# Tires???



## adrniln (Feb 26, 2007)

How long should the tires on my outback last??


----------



## tdvffjohn (Mar 10, 2005)

Check for cracks and wear constantly but the general rule of thumb is replace in 4 or 5 years regardless of how they look

John

PS, most of us just get a new trailer before then, its easier


----------



## H2oSprayer (Aug 5, 2006)

It depends on what tires you have. You can search this forum and find many posting about the tires that were put on the OB's.
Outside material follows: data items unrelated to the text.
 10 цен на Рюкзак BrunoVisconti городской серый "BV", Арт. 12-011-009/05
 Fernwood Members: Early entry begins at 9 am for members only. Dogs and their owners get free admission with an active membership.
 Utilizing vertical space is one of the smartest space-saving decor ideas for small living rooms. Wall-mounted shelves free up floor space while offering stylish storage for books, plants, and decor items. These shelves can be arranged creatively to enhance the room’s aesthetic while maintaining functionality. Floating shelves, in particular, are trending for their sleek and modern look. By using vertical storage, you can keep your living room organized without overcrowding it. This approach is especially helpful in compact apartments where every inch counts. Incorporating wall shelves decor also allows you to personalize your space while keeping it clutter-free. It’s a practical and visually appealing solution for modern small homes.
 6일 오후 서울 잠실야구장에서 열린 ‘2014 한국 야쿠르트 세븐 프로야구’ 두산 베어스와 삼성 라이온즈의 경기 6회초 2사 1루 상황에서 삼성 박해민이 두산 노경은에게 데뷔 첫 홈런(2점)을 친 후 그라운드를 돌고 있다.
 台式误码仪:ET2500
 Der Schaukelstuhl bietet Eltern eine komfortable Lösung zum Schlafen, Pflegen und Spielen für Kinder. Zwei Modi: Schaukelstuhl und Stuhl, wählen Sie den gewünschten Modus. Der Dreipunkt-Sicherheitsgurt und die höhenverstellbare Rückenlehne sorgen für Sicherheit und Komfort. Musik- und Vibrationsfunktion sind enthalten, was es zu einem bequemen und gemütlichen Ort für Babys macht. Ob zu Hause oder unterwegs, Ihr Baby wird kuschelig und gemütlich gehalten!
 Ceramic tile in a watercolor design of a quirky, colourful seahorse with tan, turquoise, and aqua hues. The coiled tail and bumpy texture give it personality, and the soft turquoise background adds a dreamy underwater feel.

I plan on replacing the stock tires that came on my 2004 this spring, due to side wall cracking.


----------



## adrniln (Feb 26, 2007)

so it sounds like mileage isn't much of an issue?


----------



## tdvffjohn (Mar 10, 2005)

Only if you are lucky enough to be full timing


----------



## map guy (Jan 11, 2007)

adrniln said:


> How long should the tires on my outback last??


Couple of seasons in the southwest due to heat and sun. *ON THE OEM TIRES!*

Heat from towing 
-----if under inflated even for a short trip the cheap OEM tires will start seperating on the inside where you cannot inspect
-----from high road temps 
-----sustained operation at max or more load values -Outbacks and most RV's suffer from this issue.

Sun / UV damage to rubber 
-------cracked sidewalls 
-------rotting from inside 
--both causing seperations and or blowouts.

If any sidewall damage is noted be prepared for flat tires on the road --- or fix before hitting the road!

Map Guy


----------



## adrniln (Feb 26, 2007)

map guy said:


> How long should the tires on my outback last??


Couple of seasons in the southwest due to heat and sun. *ON THE OEM TIRES!*

Heat from towing 
-----if under inflated even for a short trip the cheap OEM tires will start seperating on the inside where you cannot inspect
-----from high road temps 
-----sustained operation at max or more load values -Outbacks and most RV's suffer from this issue.

Sun / UV damage to rubber 
-------cracked sidewalls 
-------rotting from inside 
--both causing seperations and or blowouts.

If any sidewall damage is noted be prepared for flat tires on the road --- or fix before hitting the road!

Map Guy
[/quote]
Thanks for the information everyone. So basically check my tire pressures and watch for damage/rot etc. Got it!!!


----------